Although this book is truly wonderful, I would not recommend reading it as an introduction to QFT. This book is simply too intense and profound for the uninitiated. Instead, I would recommend as a first introduction Ryder's fine text, which yields enough insights to give the reader a taste of the ideas behing QFT but not so many that the reader is overwhelmed at first, followed by Peskin-Schroeder, which gives the student all of the tools that he/she will need for almost any QFT calculation.

To put the review in perspective, My Background: I am a senior undergraduate engineering/physics student with an interest in mathematics and theoretical physics. This is my third QFT book.

Things I liked about the book:
- The book follows a very logical progression. I love how Weinberg presents a coherent argument based on simple physical principles (specifically Lorentz invariance and the cluster decomposition principle).
- Weinberg takes painstaking effort to avoid hand-waving, and is very careful to enumerate (and make plausible) his assumptions. In so doing, he avoids the sort of black-magic feeling I got when reading some less well written QFT books (see for example: Peskin and Schroeder, which makes a mockery of logical progression in an effort to teach you how to calculate as soon as possible).
- The book was very thorough, and often provided an original approach to the material. The coverage of renormalization seemed natural and coherent, and since the book is presented in a logical order (rather than a historical one) Weinberg avoids justifying renormalization as some mysterious subtraction of infinities, basing it instead on general non-perterbative methods (e.g. poles of the S-matrix, etc...)

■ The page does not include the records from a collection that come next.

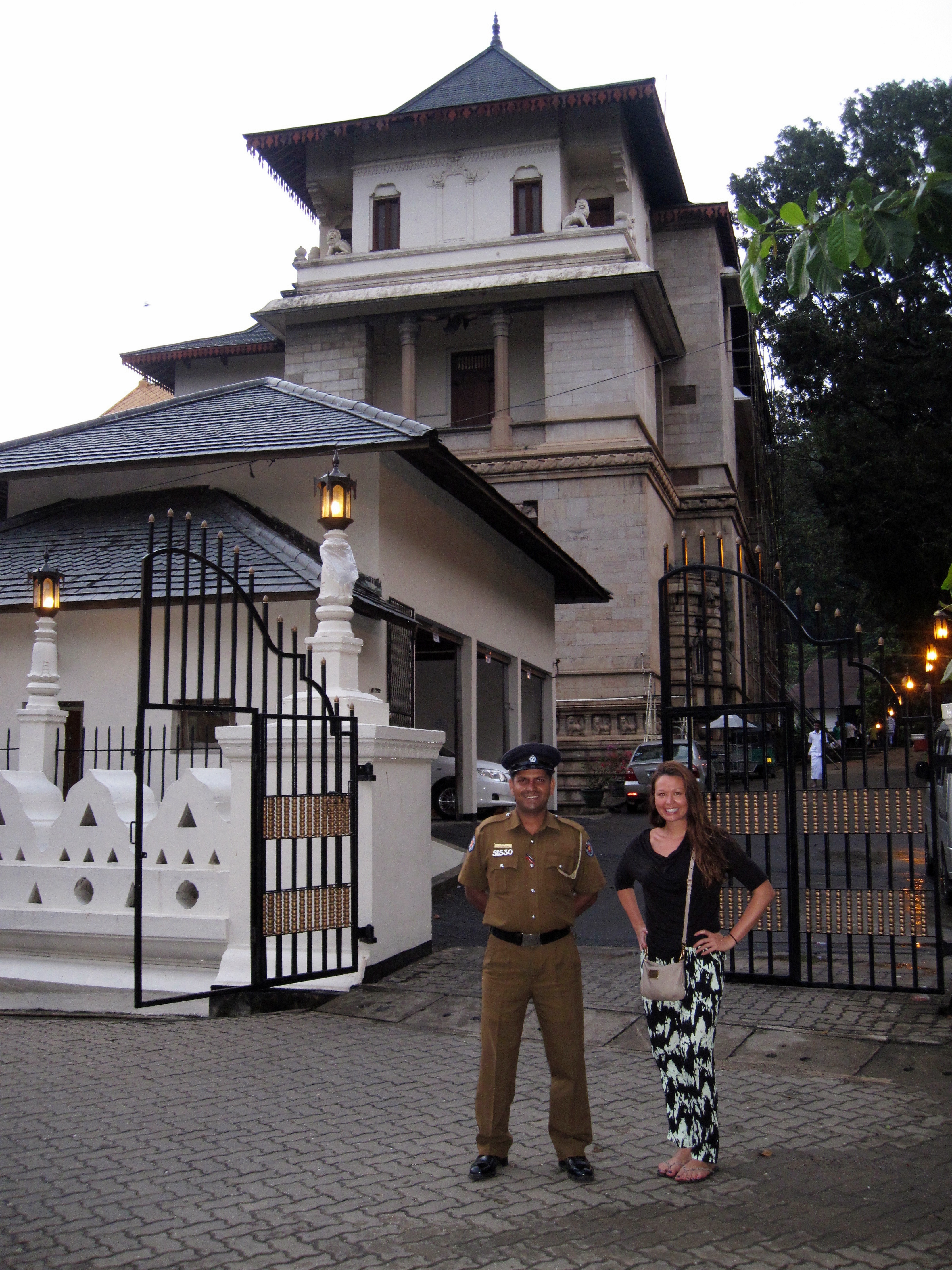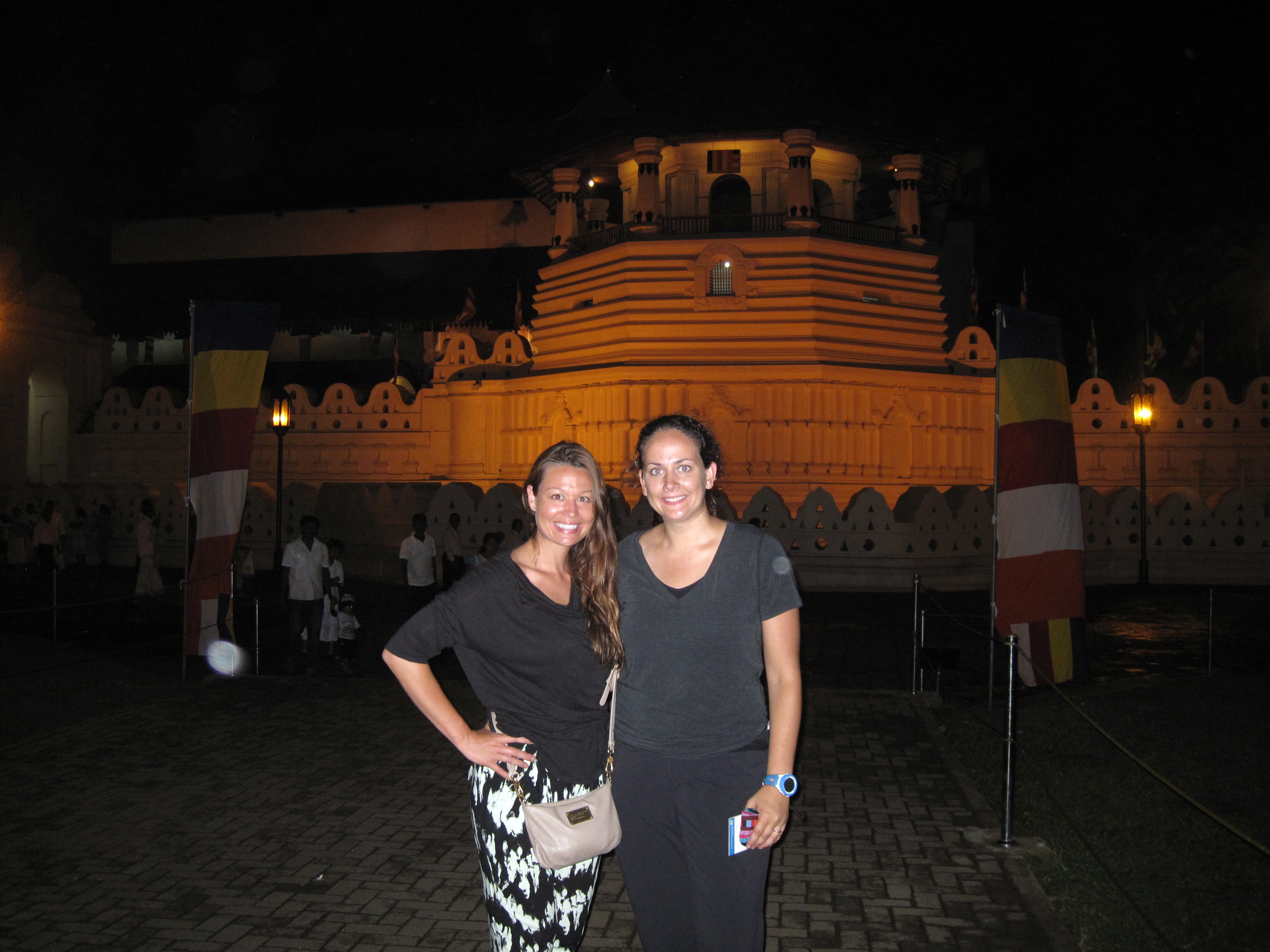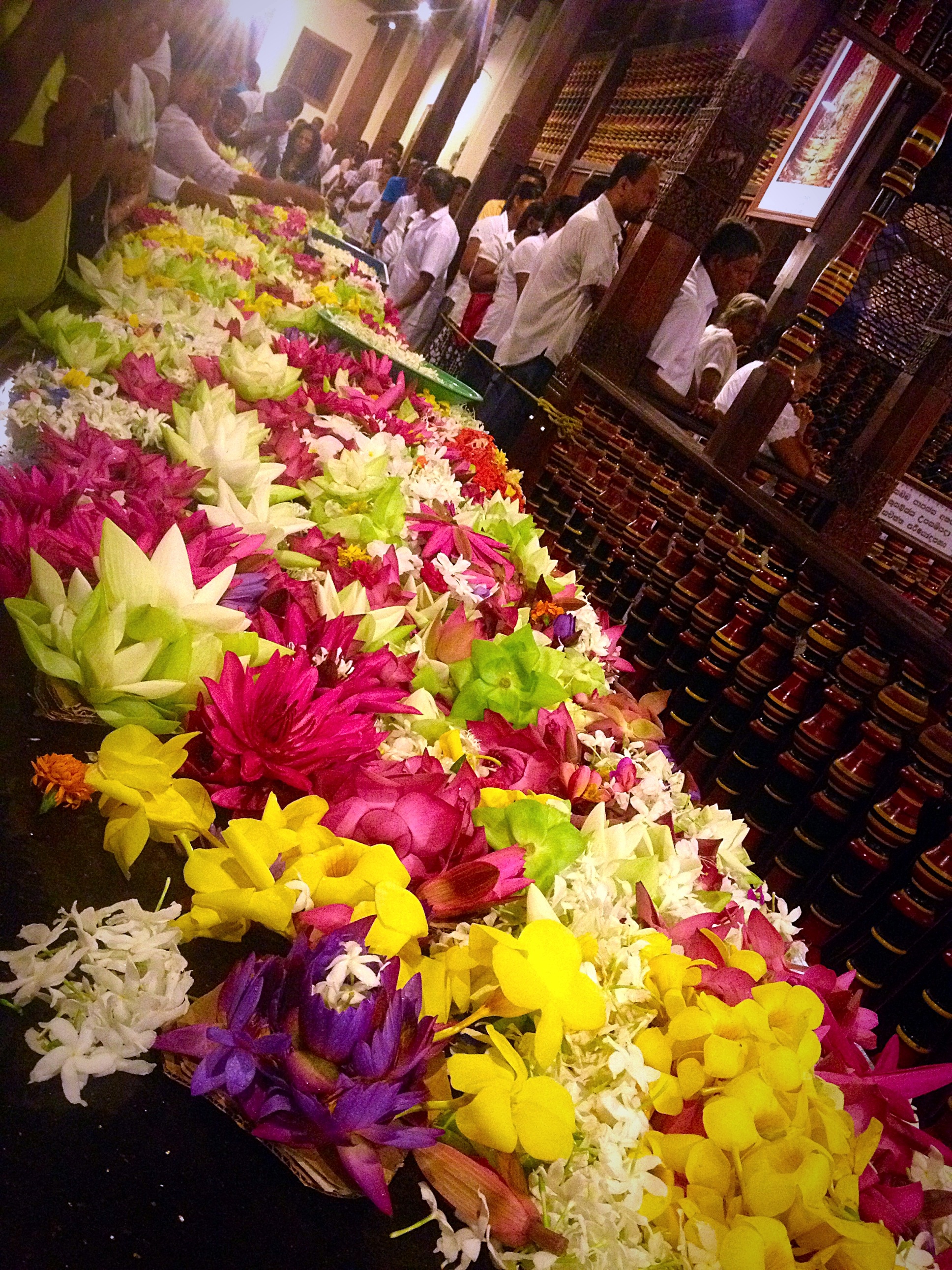 Our place called Lakshmi Guest House in Kandy was up on the hill overlooking the lake. The owner, his wife, and his twin girls were very friendly, and the place was decent. When he found out where I lived, he asked if I lived on the Missouri or Kansas side which completely surprised me. At the look of my shock, he said, “Go Jayhawks!” and then told me he studied nursing at the University of Kansas a few years prior. He returned to Sri Lanka and decided to open a hotel because he said nursing in Sri Lanka wouldn’t provide for his family. We had a breakfast of tea, an omelet, and coconut roti with onions while we sat on the balcony overlooking the town. While in Kandy, we visited the Botanical Gardens, walked around the lake, a tea factory (not worth it), and a spice garden (definitely not worth it, just a ploy to get you to buy stuff). The Botanical Gardens were nice, although we hit some rain. At our hotel, we met a friend named Peter from Washington DC. He was traveling alone, so he joined us. We made our way to visit some Kandian dancing, but got caught in the rain again. We stepped into a place for dinner, and ended up missing a good chunk of the show (although we made it in time for the fire walking). After that we made to Kandy’s most popular temple, Temple of the Sacred Tooth Relic. Locals flocked to the temple for the evening ceremony dressed from head to toe in all white. The temple is said to house Buddha’s tooth. It was extremely crowded and families brought flowers as offerings. Although the number of people made it rather unpleasant, the scene as a whole was quite beautiful—all white with flowers.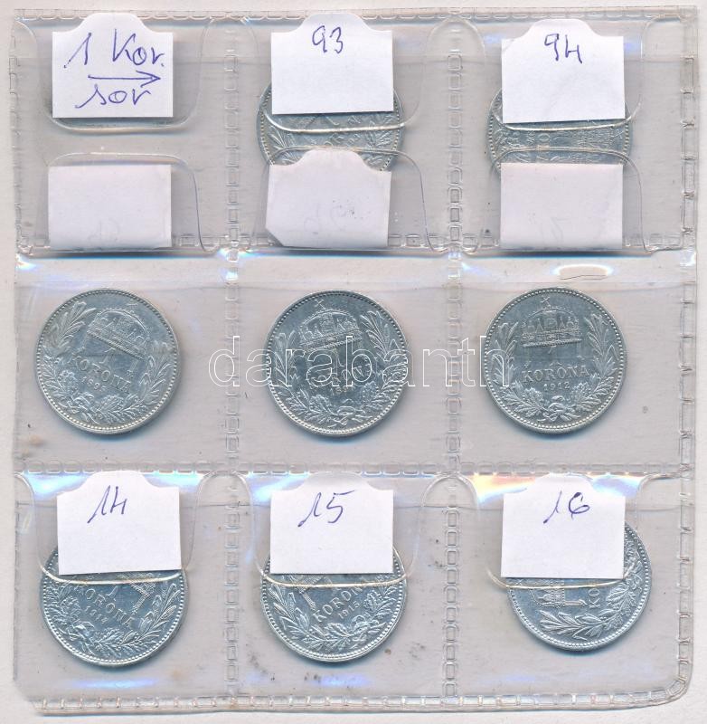 1893-1916. 1K Ag "Ferenc József" (8xklf) benne 1893, 1894, 1...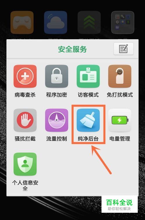 1.在桌面上打开安全服务里面的纯净后台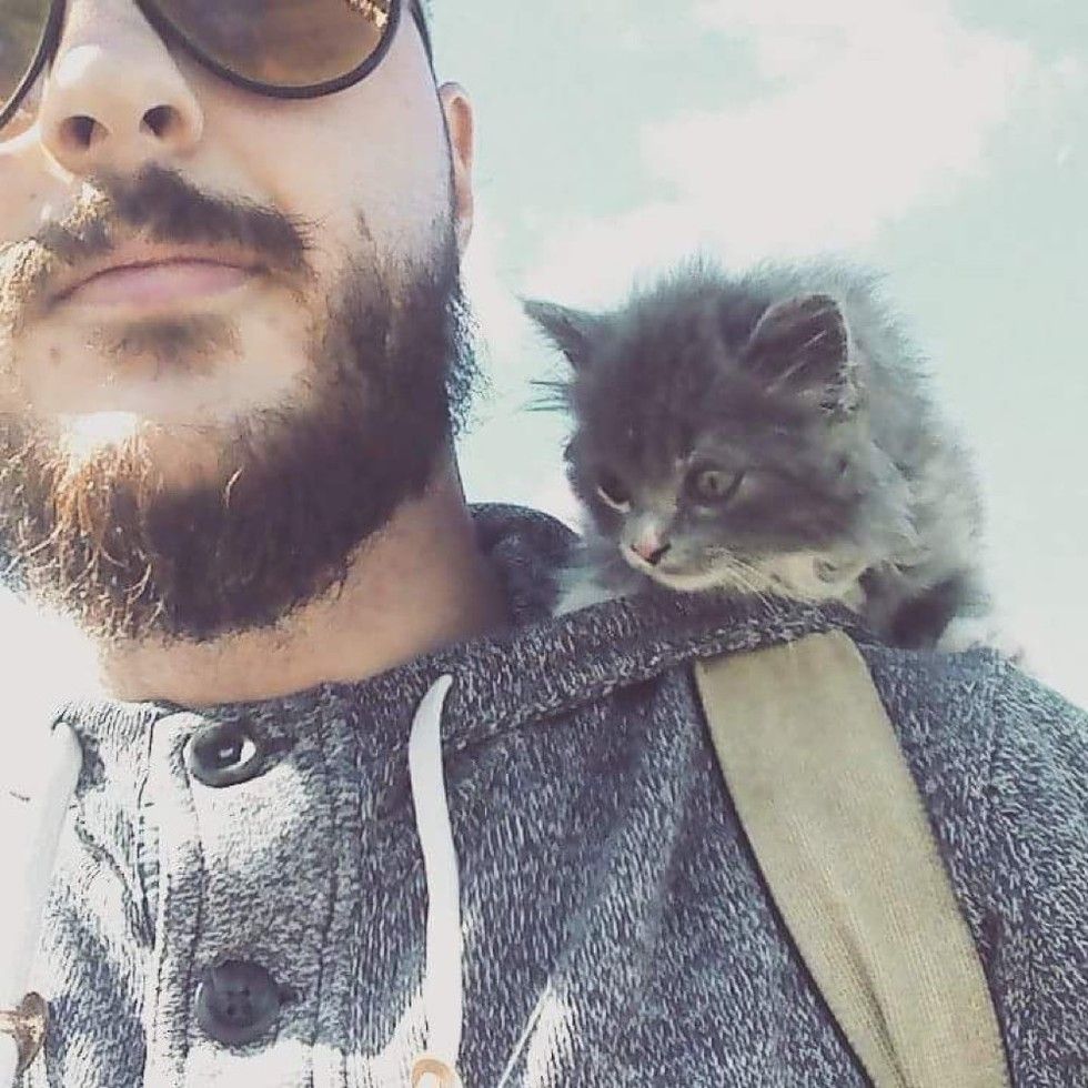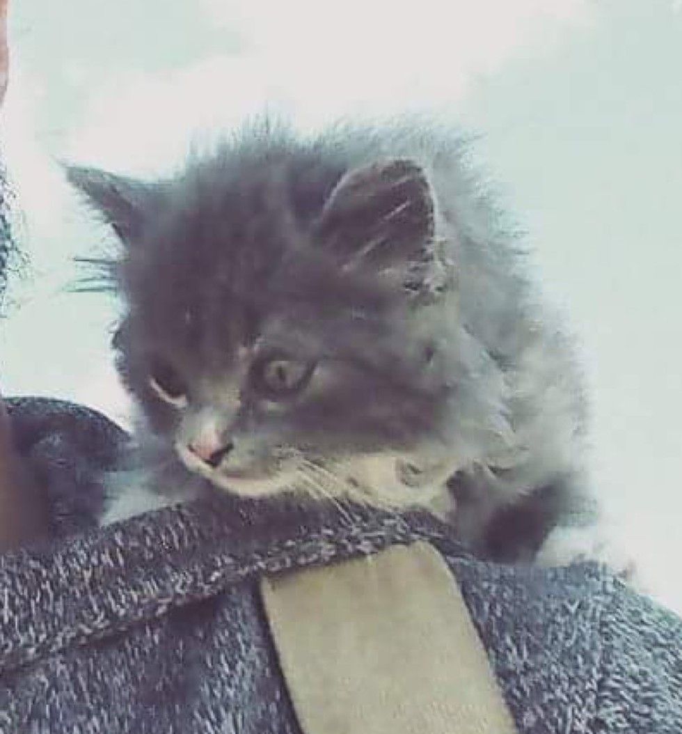 This man found a little feral kitten at the barn who desperately needed help. "I actually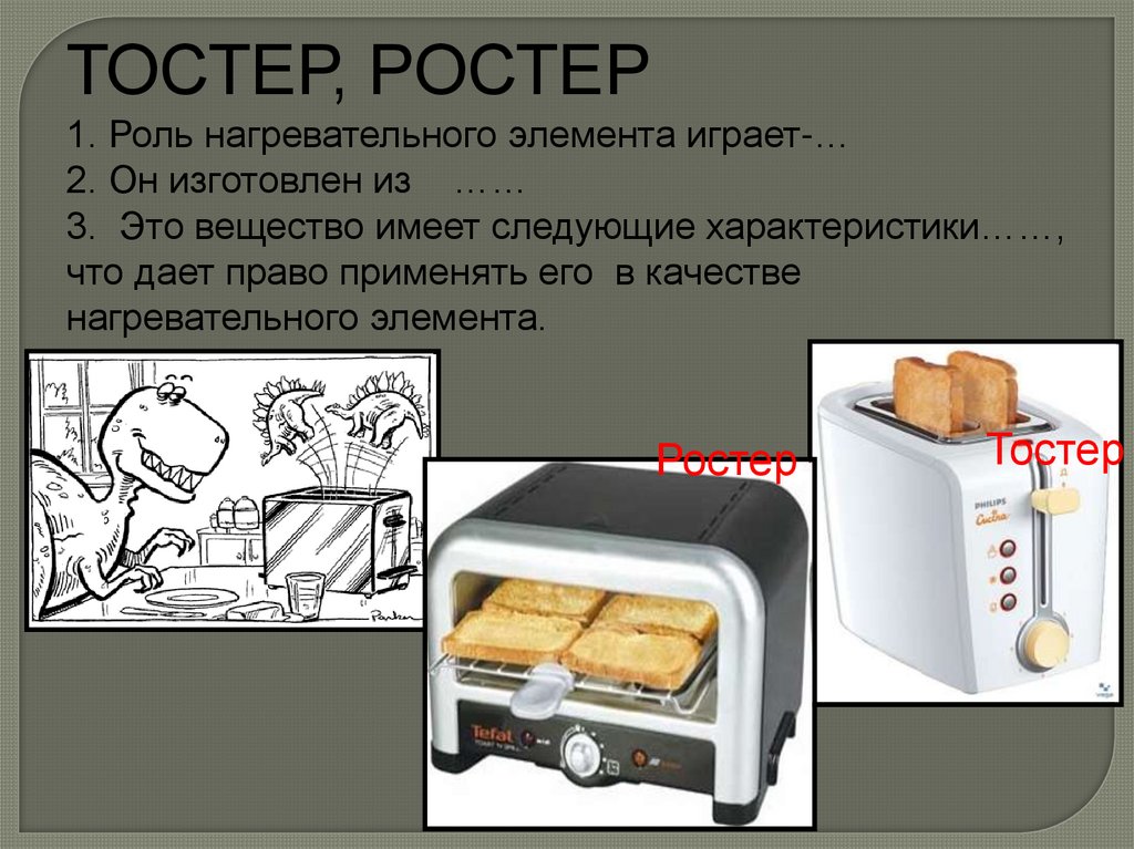 ТОСТЕР, РОСТЕР1. Роль нагревательного элемента играет-…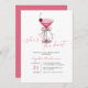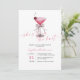 Calligraphie élégante rose chaud "elle est en train de nouer" invitation à la douche nuptiale avec design de cocktail d'arc d'aquarelle.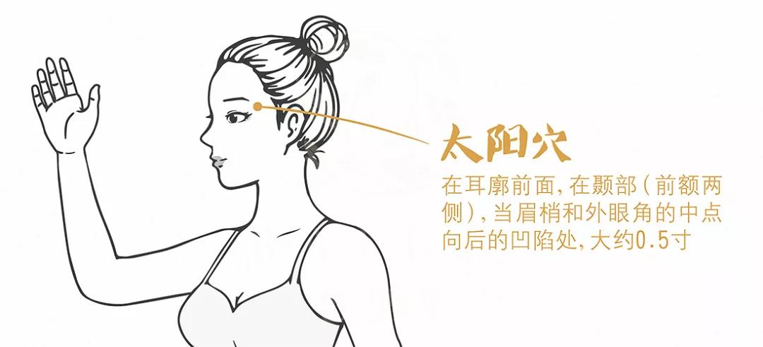 太阳穴为经外奇穴,足少阳胆经、足阳明胃经两条阳经从它周围经过,为火聚之地,因此,取名为“太阳”穴。太阳穴是人头部的重要穴位,当人们长时间连续用脑后,太阳穴往往会出现重压或胀痛的感觉,这就是大脑疲劳的信号。揉按太阳穴可清肝泻火、止痛明目、通经活络、振奋精神。操作方法:用双手中指指腹顺时针或逆时针按揉太阳穴,力度千万不要过大,以免使头痛加剧。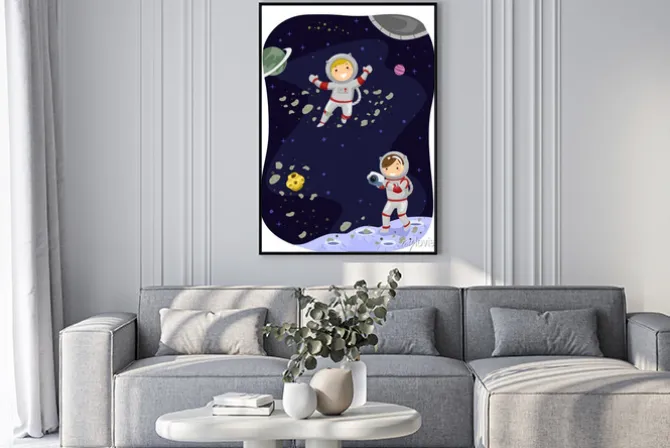 galaktyka, astronomia, planety, księżyc, rysunek, grafika, ilustracje, pokój dziecięcy, fotografia

What I didn't like about the book:
- As a result of his unwavering emphasis on logical progression, and his inclusion of a vast amount of material (almost all of which is necessary to understand in order to progress through the book), the book is somewhat painful to get through. Be prepared to re-read many of the sections a couple of times, and to make very slow progress.
- Weinberg chooses to present QFT in a very general form (i.e. abstracting it from a particular field such as particle physics or condensed matter physics). This is not necessarily a disadvantage, but I often found my interest waning after reading a few hundred pages without making any contact with phenomenology. Additionally, the excercises were similarly abstract, which makes it difficult (at least for me) to particularly care about their results. (More of a problem for self-study)
- The notation is very complete, which isn't normally a bad thing. However, the equations sometimes become very cumbersome when he includes every index, and every functional dependence regardless of how redundant they may be.
- In his coverage of path integrals, he derives things using functional determinants rather than through the more common generating functional methods. I think this hides a lot of the physical insight of the path integral approach, particularly, its equivalence to the 2nd-quantized approach, and its relation to Feynman diagrams.
- This book will drive the more mathematically inclined crazy, as the author admits, it makes very little attempt at rigour, and is very uncareful. He exchanges orders of limits willy-nilly, and often is not even clear about what sort of limiting process is taking place. There is not discussion of functional integration measures, or convergence, and there is very little justification provided for regularization methods (actually the coverage of dimensional regularization is extremely sparce, and would have been unfollowable, had I not already known it).


General Comments:
- I think that, contrary to some of the previous reviews, that the first few chapters of the book (through 6) would be a good first exposure to quantum field theory. I think the reader would have a much better understanding of the theory. However, the rest of the book is quite advanced, and would not be good for the uninitialized.
- I think that in an effort to make his coverage thorough and abstracting his discussion from phenomenology, the author sacrificed some of the readability of the book. That being said, if you're serious about learning the subject, this is a good resource.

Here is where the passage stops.